Xaver's profile - activity

see this post http://thingwy.blogspot.de/

kcrisman wrote: I don't know that an "answer" is really appropriate here. It's pretty well-known among power users that symbolic manipulation is something that Maple and Mma do better than Maxima (which provides our simplification). It's unfortunate

Actually this is far more of an answer than I was expecting from an open source project. Thank you very much indeed. I am surely not a power user of sage but I am a power user of mathematica with several tens of thousands of lines of code written for research and teaching in theoretical physics over the years and using it surely not only but definitely also for symbolic manipulation. Actually I didn't even know of sage since very recently a student of mine asked about it. Reading the "Tour of Sage" and the "Tutorial" in the docs and the frequently reoccurring benchmarks against mathematica in other parts of the docs, I was mislead to think ".. wow this might be an open source replacement ..". So it played around with sage in my spare time, attempting just some very 1st and trivial things.

Some of my related questions you can find in this forum. I learned, stuff like: sage can't get elementary functions like the log() straight, or, plotting more than just the cos() gets you into trouble, and now I read that I should not use sage for symbolic manipulations.

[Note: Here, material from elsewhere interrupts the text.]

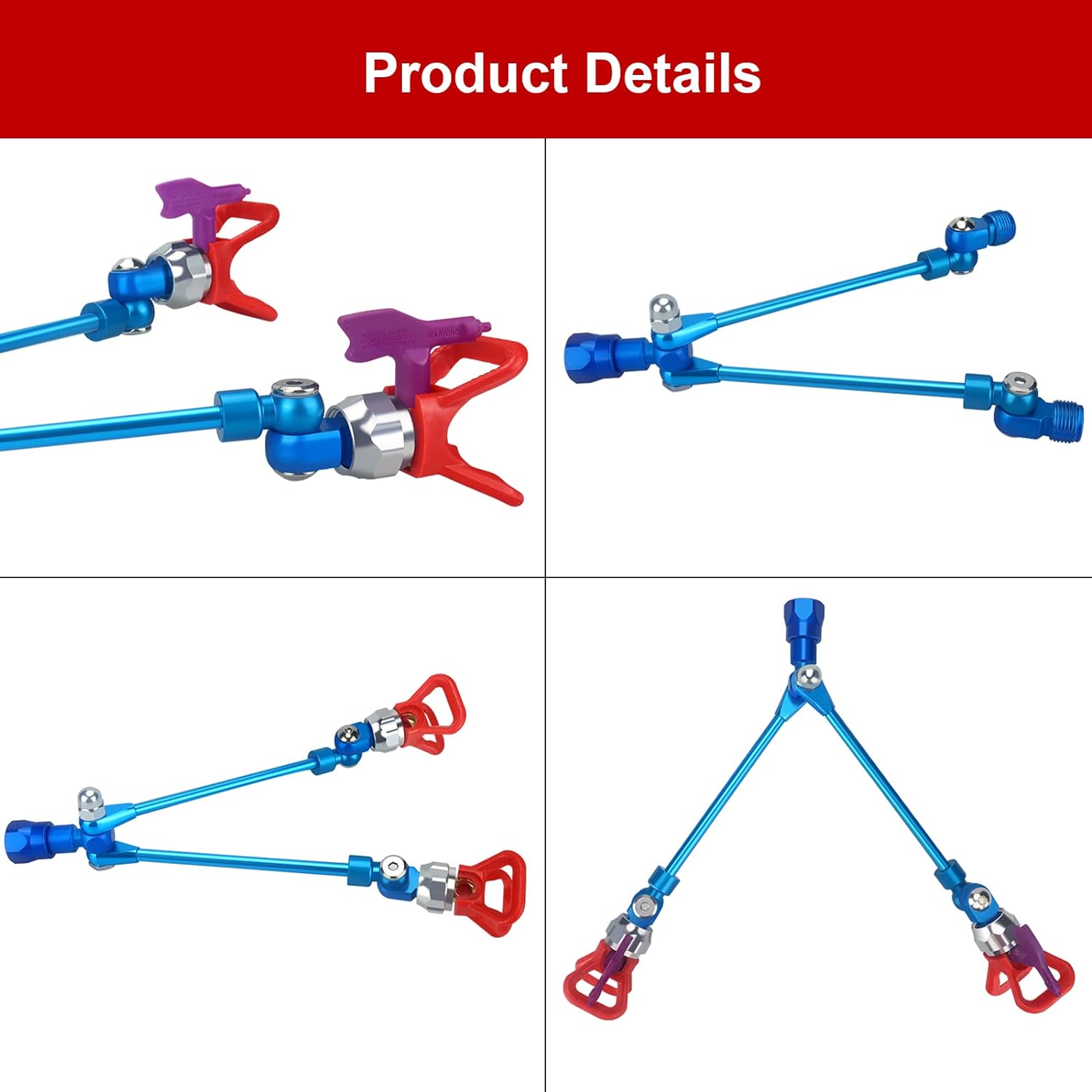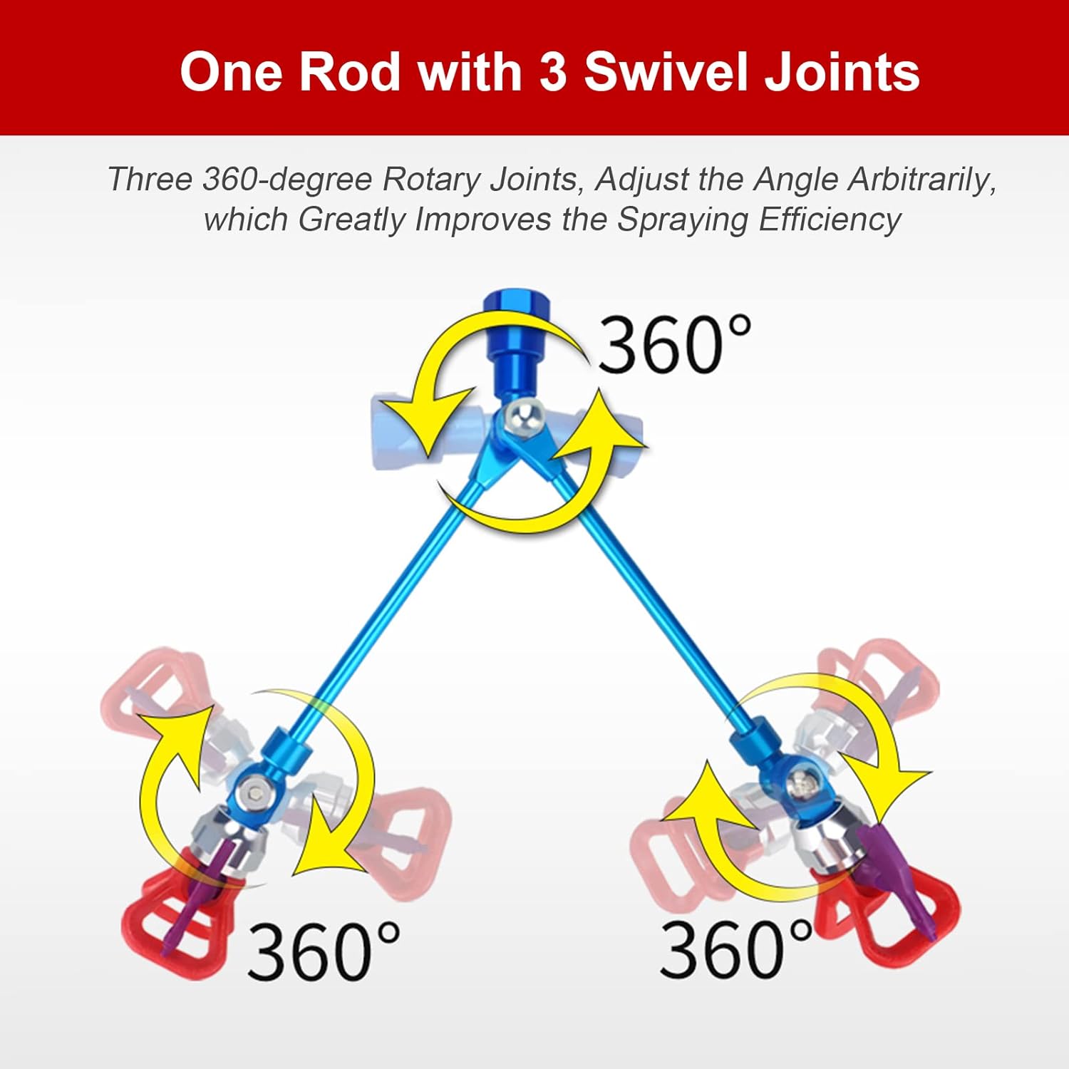 La prolunga per pistola a spruzzo airless ha tre giunti rotanti a 360°, è possibile regolare l'angolazione a piacimento, migliorando notevolmente l'efficienza di spruzzatura.
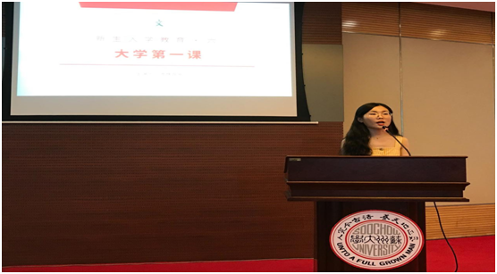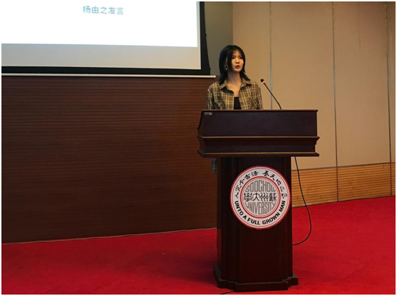 最后,2019级杨由之同学作为新生代表上台发言。她对能够与来自天南海北的大家在苏大相遇表示荣幸,并倡议在座的同学和她一起调整学习方法、遵守学术规范、做知行合一、学无止境的学术科研人员。

So yes, you gave an answer - one which will also help my students (which can have their university licenses of mathematica for free anyway).

Update: see this http://thingwy.blogspot.de/

@G-Sage TAB completion produces both, full_simplify() and simplify_full() and they both return the same results - moreover the doc says: simplify_full(...) File: sage/symbolic/expression.pyx (starting at line 6553) Applies simplify_factorial, simplify_trig, simplify_rational, simplify_radical, simplify_log, and again simplify_rational to self (in that order). ALIAS: simplify_full and full_simplify are the same

@Jason Grout so that would imply that if one was to plot something like F(imag(G(...,imag(..))), or other nested constructs containing imag() parts, one would have put all of the imag()'s on a hold prior to plotting? That could get quite cumbersome.

I have this function

    sage: f=imag(I*(sqrt(-cos(l) + 1)*cosh(sin(1/2*l)) - 
sqrt(2)*sinh(sqrt(sin(1/2*l)^2)))*sin(1/2*l)^3/((-cos(l) 
+ 1)^(3/2)*e^(1/2*I*l)))

i.m.h.o. this not something terribly complicated. I wanted to plot it. So I do

sage: time plot(f,l,0,10)
..nice plot..
Time: CPU 9.28 s, Wall: 9.41 s

I.e. I was waiting almost 10s for this (on an intel core duo CPU P9500 @ 2.53GHz) laptop!? I thought that maybe fast_callable would help:

sage: ff=fast_callable(f,vars=[l],domain=CC)
sage: time plot(ff,0,10)
..same nice plot..
Time: CPU 13.24 s, Wall: 13.50 s

So that's even worse. Now I compare to Mathematica

In[8]:= Timing[Plot[Im[(Sin[l/2]^3*(I*Sqrt[1 - Cos[l]]*Cosh[Sin[l/2]] - 
        I*Sqrt[2]*Sinh[Sqrt[Sin[l/2]^2]]))/(E^((I/2)*l)*(1 - 
         Cos[l])^(3/2))], {l, 0, 10}]]

Out[8]= {0.019997, ..same plot again..}

~500 times faster ... what am I doing wrong?

@kcrisman, where ever it comes from, let it be Sage or Maxima, my feeling is that just amending the documentation of 'assume' is not a real solution of this (complex ;) ) problem. It is the log() ... it is most basic math ... and it is not working correctly. This should be fixed. Is this just a bug in the log(), or in how 'limit' works, or in 'assume', or maybe even in other elementary functions? I consider this 'bug' as @jdc puts it, as rather frightening. I was on the verge of using Sage to analyze the analytic properties of some far more involved functions in the complex plane then just the log(). Now I fear one should better stay away from that. Please keep me posted on this issue.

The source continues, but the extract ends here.